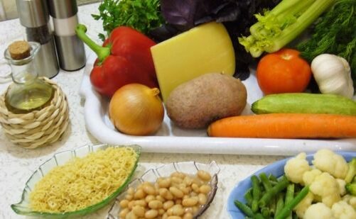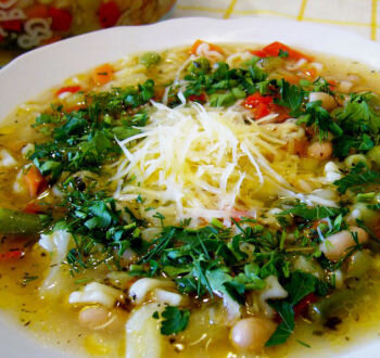 Если вас спросят, какое самое популярное блюдо в Италии, то большинство ответит что: паста или пицца. Но это не так! Самое любимое блюдо итальянцев, особенно летом минестроне – суп из овощей. Особенностью этого блюда является то, что это блюдо сезонное, и какие овощи есть в холодильники, такие обычно и добавляют. При этом количество овощей в супе должно быть около 10, иначе это не минестроне. Поэтому правильного или точного рецепта нет, так как, сколько в Италии поваров столько и рецептов супа. Ну а мы с вами познакомимся с классическим рецептом минестроне. Ингредиенты: 😟 Не подходят? Подберите другой рецепт в категории «Куриные супы»! 😉 Рецепт: Шаг 1: Подготовим овощи. Так как у меня был заготовленный заранее куриный бульон, то теперь мне необходимо было промыть все овощи и нарезать их на мелкие кусочки. При этом помидоры необходимо облить кипятком и снять кожицу, и лишь потом порезать на кусочки. Картофель лучше резать кубиками размером 2х2 см. А перец болгарский необходимо з
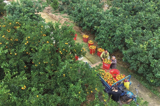 采購商張玉容已是第五年專程來百家池村收購柑橘,她拿起一顆剛采摘的愛媛,剝開薄薄的果皮說:“這里的愛媛皮薄肉厚、顏色紅亮,糖度達標,在山東、遼寧市場特別受歡迎。”今年張玉容計劃收購2.5萬公斤愛媛,后續還將持續采購椪柑和春見。
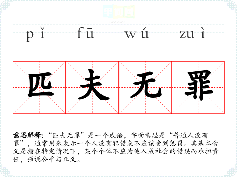 “匹夫无罪”是一个成语,字面意思是“普通人没有罪”,通常用来表示一个人没有犯错或不应该受到惩罚。其基本含义是指在特定情况下,某个个体不应为他人或社会的错误而承担责任,强调公平与正义。
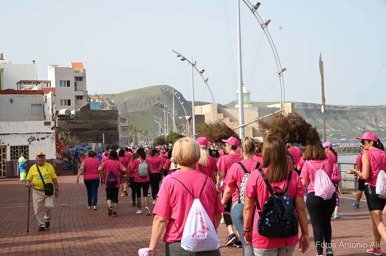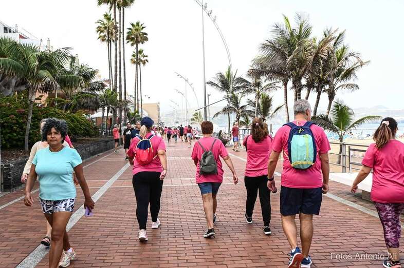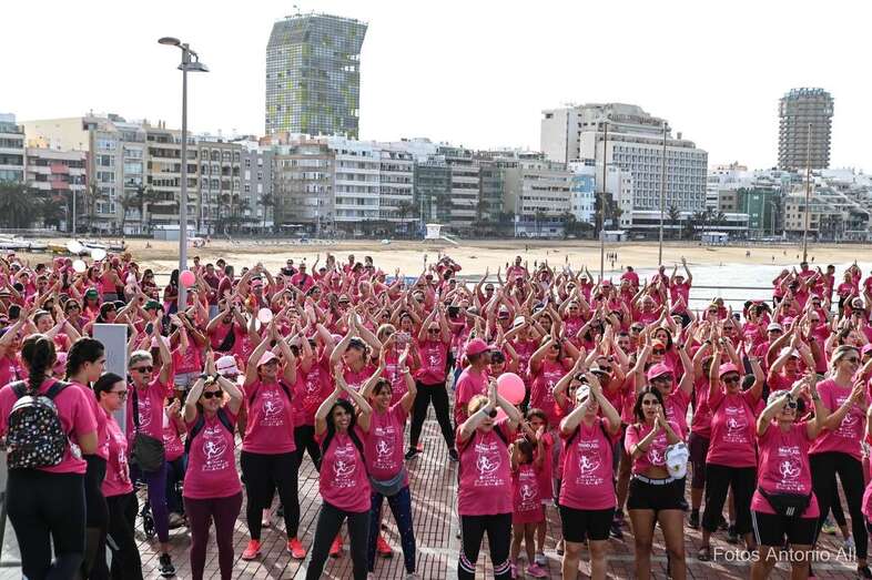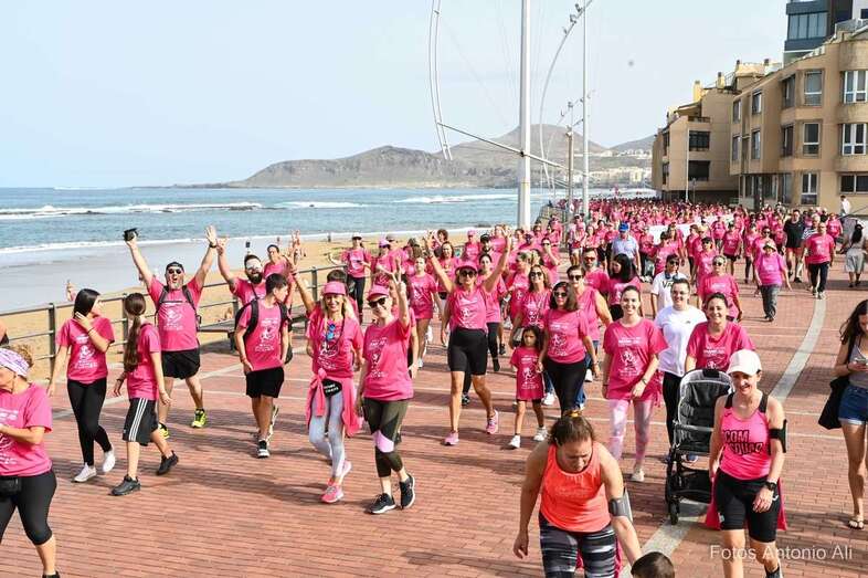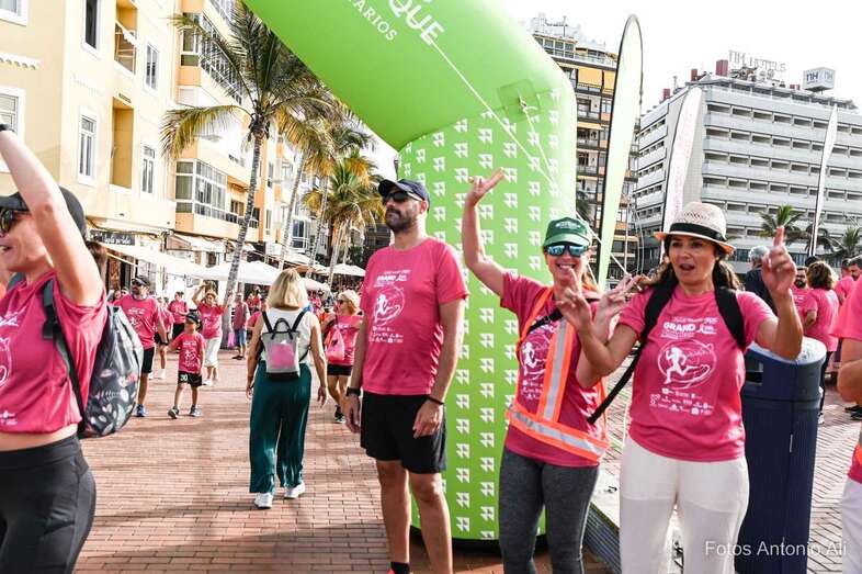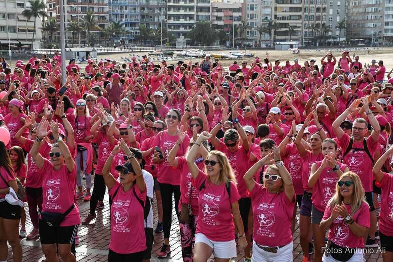 La playa capitalina de Las Canteras acogió este domingo la VII edición de la Carrera y Caminata Solidaria Grand Pink Run, organizada por la Asociación Lucha contra el Cáncer de Mama y Ginecológico (ACCM) y que contó con la participación de decenas de teldenses.
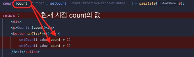 결국 setCount(count + 1) 호출시점에 count 에 할당되어 있는 값을 동일하게 주는것이다.
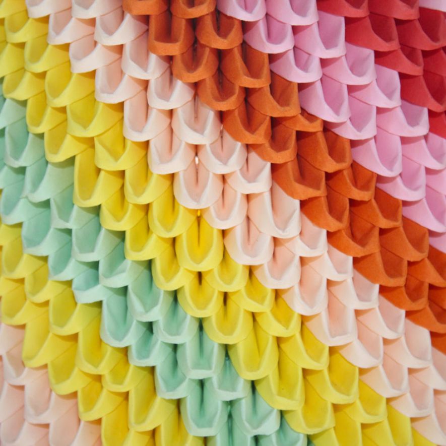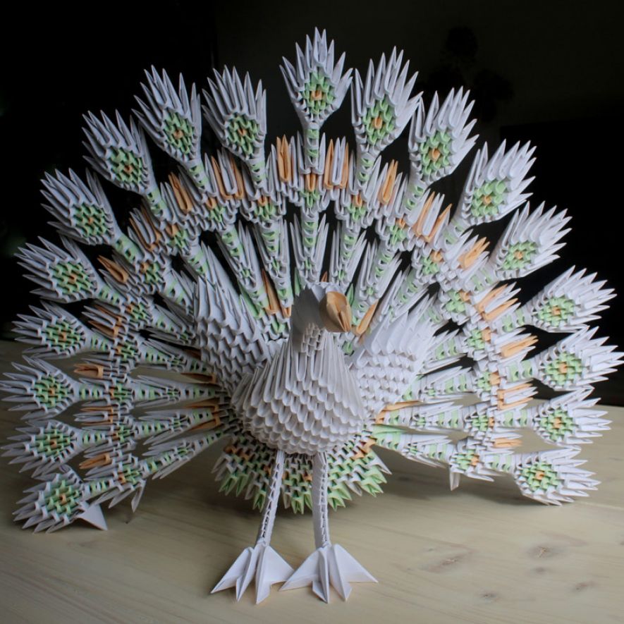 Aus Papier gefaltete Module werden zu Körpern zusammengesteckt. Dabei sind der Fantasie keine Grenzen gesetzt. Es können wunderschöne abstrakte Gebilde entstehen sowie Figuren, die je nach Modulanzahl (unter 10 bis in die Tausenden) und Ausgangsformat des Papiers in ihrer Größe varrieren.
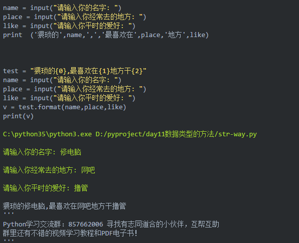 需求:等待用户输入名字、地点、爱好、根据用户的名字和爱好进行任意显示
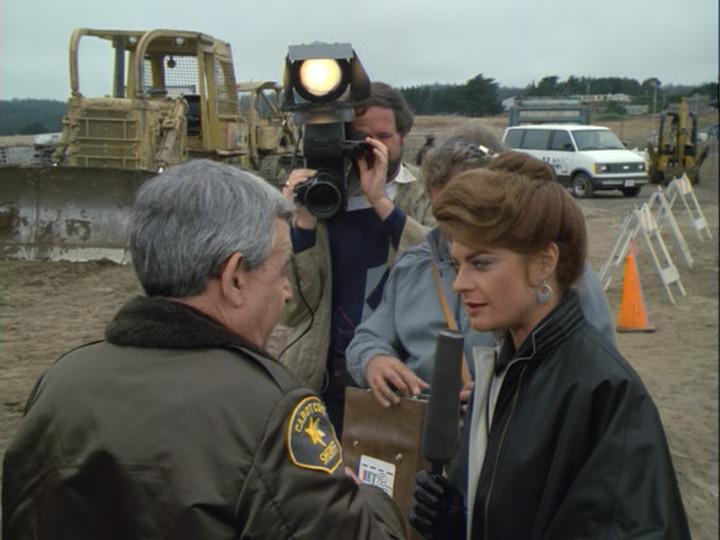 As they walk, Del tells Jessica about how she’s hated Wheatley for his sub-standard construction ever since she was covering the weather in Pittsburgh (that seems like the kind of detail that often comes up later—especially because as someone covering the weather in Pittsburgh she’d only have reason to hate Wheatley if a relative was killed in one of his buildings or something like that). Jessica suggests Del talk to someone like David Marsh, who would be far more eloquent on the subject than Jessica. She already tried, though, and Marsh declined. He even requested that they not film him at the construction site, though his request was too late. (This suggests that Marsh doesn’t want to be seen on national TV, perhaps because he’s a wanted fugitive who’s living under a false identity. Alternatively, that he’s someone in the witness protection program.)
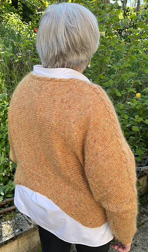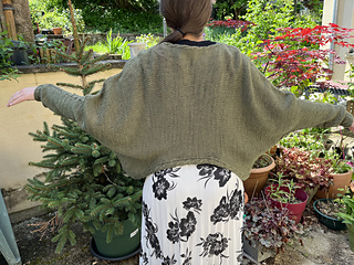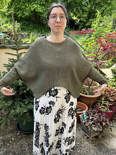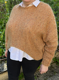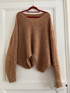 Ce « sur-pull » court, aux manches chauve souris, se tricote en aller-retour, d’une seule pièce d’une manche à l’autre. Dos et devant sont incurvés à la limite de la ceinture et les pans latéraux atteignent les hanches.
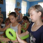 Dużym zainteresowaniem cieszyły się również zajęcia z garncarstwa i papieroplastyki. – Warsztaty prowadziła pani Monika Poteraj, która miała świetny kontakt z dziećmi. Zachwycała nas swoimi pomysłami – powiedziała H. Witkowska. – Zachwycił nas również cyrkowy magik. Pokazywał cyrkowe sztuczki i uczył robić bransoletki. Dzieci nie chciały go wypuścić.
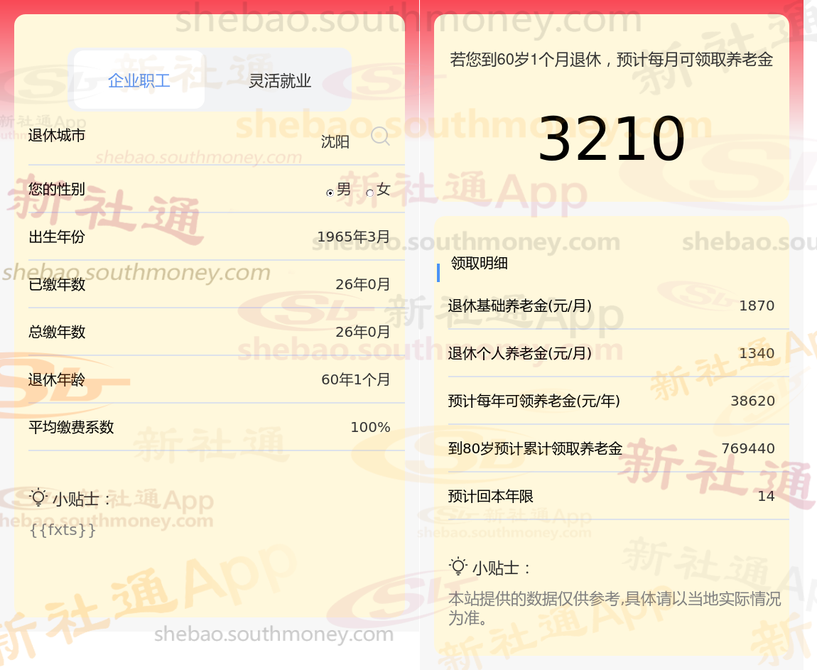 退休城市:沈阳,性别:男,出生年份:1965,总缴年数26年,缴费档次:100%,新社通app养老金计算器所得:
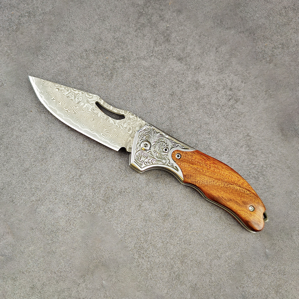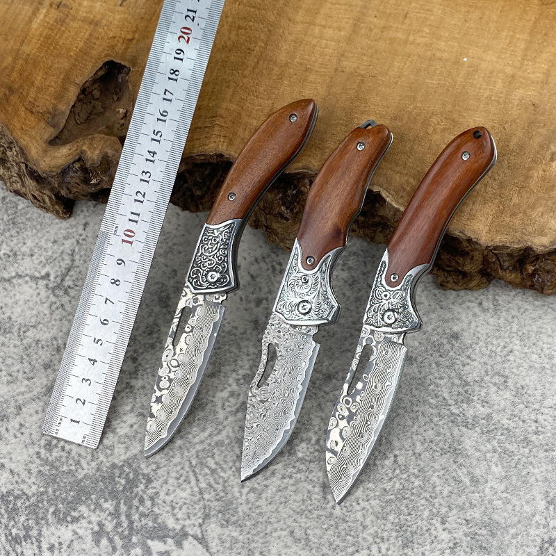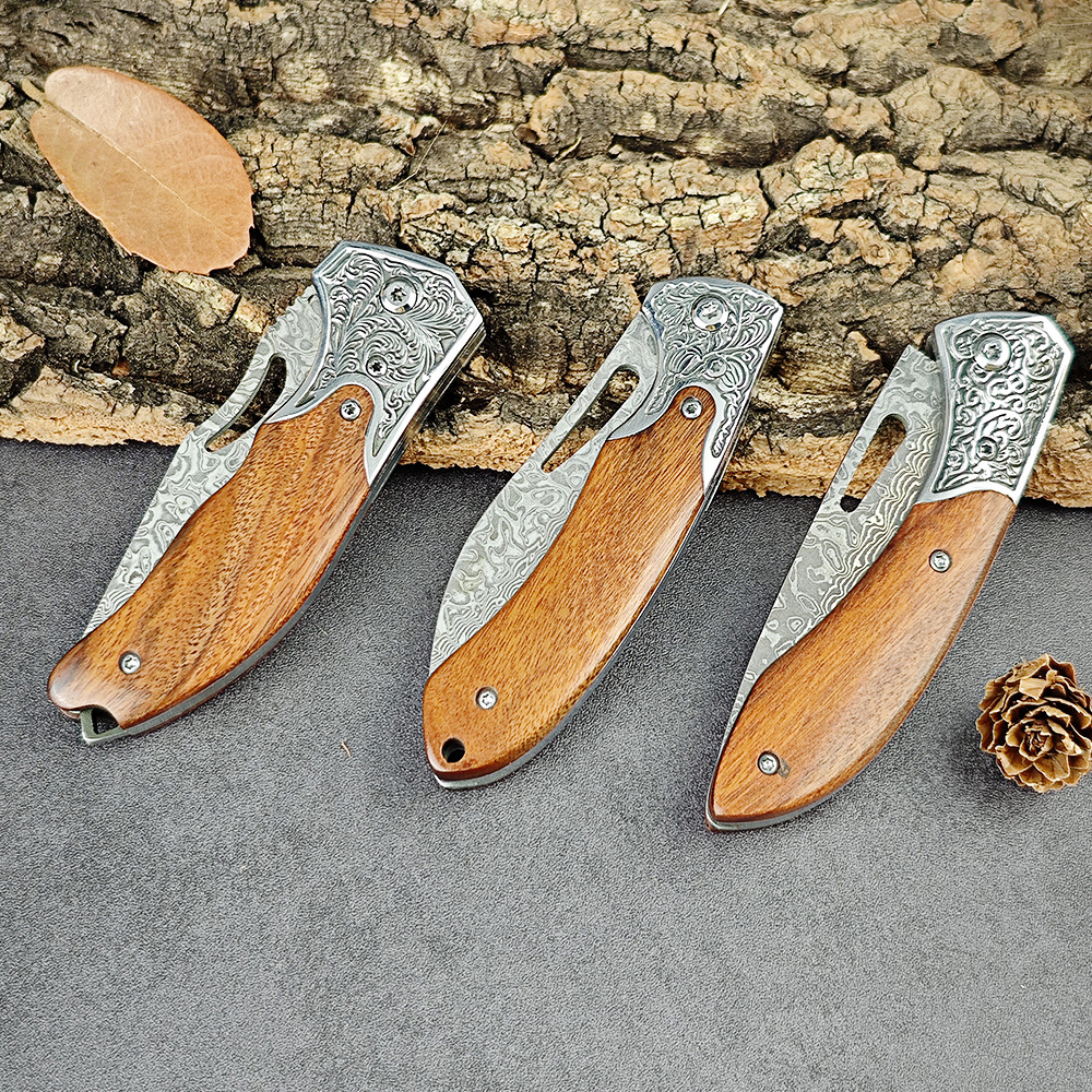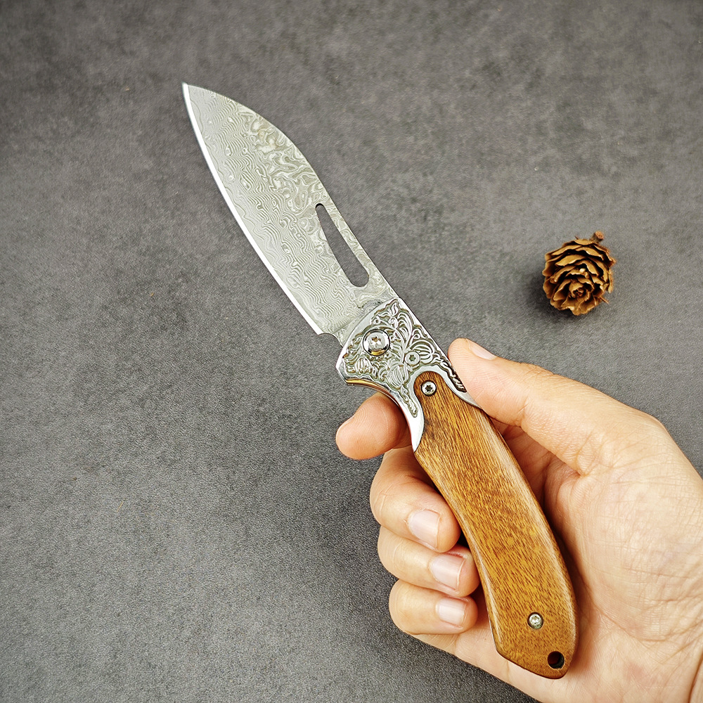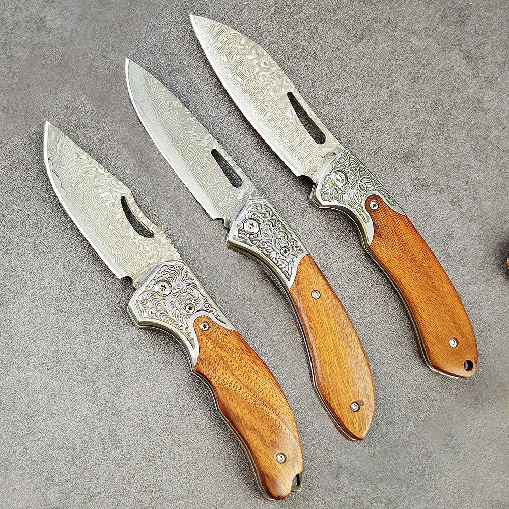 ダマスカス鋼折り畳みナイフはナイフを多く使っています。

**TASK STATEMENT**
When you reproduce the entries above, keep every word exactly and leave out each picture.

**SOLUTION TO THE EXERCISE**
 Если вас спросят, какое самое популярное блюдо в Италии, то большинство ответит что: паста или пицца. Но это не так! Самое любимое блюдо итальянцев, особенно летом минестроне – суп из овощей. Особенностью этого блюда является то, что это блюдо сезонное, и какие овощи есть в холодильники, такие обычно и добавляют. При этом количество овощей в супе должно быть около 10, иначе это не минестроне. Поэтому правильного или точного рецепта нет, так как, сколько в Италии поваров столько и рецептов супа. Ну а мы с вами познакомимся с классическим рецептом минестроне. Ингредиенты: 😟 Не подходят? Подберите другой рецепт в категории «Куриные супы»! 😉 Рецепт: Шаг 1: Подготовим овощи. Так как у меня был заготовленный заранее куриный бульон, то теперь мне необходимо было промыть все овощи и нарезать их на мелкие кусочки. При этом помидоры необходимо облить кипятком и снять кожицу, и лишь потом порезать на кусочки. Картофель лучше резать кубиками размером 2х2 см. А перец болгарский необходимо з
 采購商張玉容已是第五年專程來百家池村收購柑橘,她拿起一顆剛采摘的愛媛,剝開薄薄的果皮說:“這里的愛媛皮薄肉厚、顏色紅亮,糖度達標,在山東、遼寧市場特別受歡迎。”今年張玉容計劃收購2.5萬公斤愛媛,后續還將持續采購椪柑和春見。
 “匹夫无罪”是一个成语,字面意思是“普通人没有罪”,通常用来表示一个人没有犯错或不应该受到惩罚。其基本含义是指在特定情况下,某个个体不应为他人或社会的错误而承担责任,强调公平与正义。
 La playa capitalina de Las Canteras acogió este domingo la VII edición de la Carrera y Caminata Solidaria Grand Pink Run, organizada por la Asociación Lucha contra el Cáncer de Mama y Ginecológico (ACCM) y que contó con la participación de decenas de teldenses.
 결국 setCount(count + 1) 호출시점에 count 에 할당되어 있는 값을 동일하게 주는것이다.
 Aus Papier gefaltete Module werden zu Körpern zusammengesteckt. Dabei sind der Fantasie keine Grenzen gesetzt. Es können wunderschöne abstrakte Gebilde entstehen sowie Figuren, die je nach Modulanzahl (unter 10 bis in die Tausenden) und Ausgangsformat des Papiers in ihrer Größe varrieren.
 需求:等待用户输入名字、地点、爱好、根据用户的名字和爱好进行任意显示
 As they walk, Del tells Jessica about how she’s hated Wheatley for his sub-standard construction ever since she was covering the weather in Pittsburgh (that seems like the kind of detail that often comes up later—especially because as someone covering the weather in Pittsburgh she’d only have reason to hate Wheatley if a relative was killed in one of his buildings or something like that). Jessica suggests Del talk to someone like David Marsh, who would be far more eloquent on the subject than Jessica. She already tried, though, and Marsh declined. He even requested that they not film him at the construction site, though his request was too late. (This suggests that Marsh doesn’t want to be seen on national TV, perhaps because he’s a wanted fugitive who’s living under a false identity. Alternatively, that he’s someone in the witness protection program.)
 Ce « sur-pull » court, aux manches chauve souris, se tricote en aller-retour, d’une seule pièce d’une manche à l’autre. Dos et devant sont incurvés à la limite de la ceinture et les pans latéraux atteignent les hanches.
 Dużym zainteresowaniem cieszyły się również zajęcia z garncarstwa i papieroplastyki. – Warsztaty prowadziła pani Monika Poteraj, która miała świetny kontakt z dziećmi. Zachwycała nas swoimi pomysłami – powiedziała H. Witkowska. – Zachwycił nas również cyrkowy magik. Pokazywał cyrkowe sztuczki i uczył robić bransoletki. Dzieci nie chciały go wypuścić.
 退休城市:沈阳,性别:男,出生年份:1965,总缴年数26年,缴费档次:100%,新社通app养老金计算器所得:
 ダマスカス鋼折り畳みナイフはナイフを多く使っています。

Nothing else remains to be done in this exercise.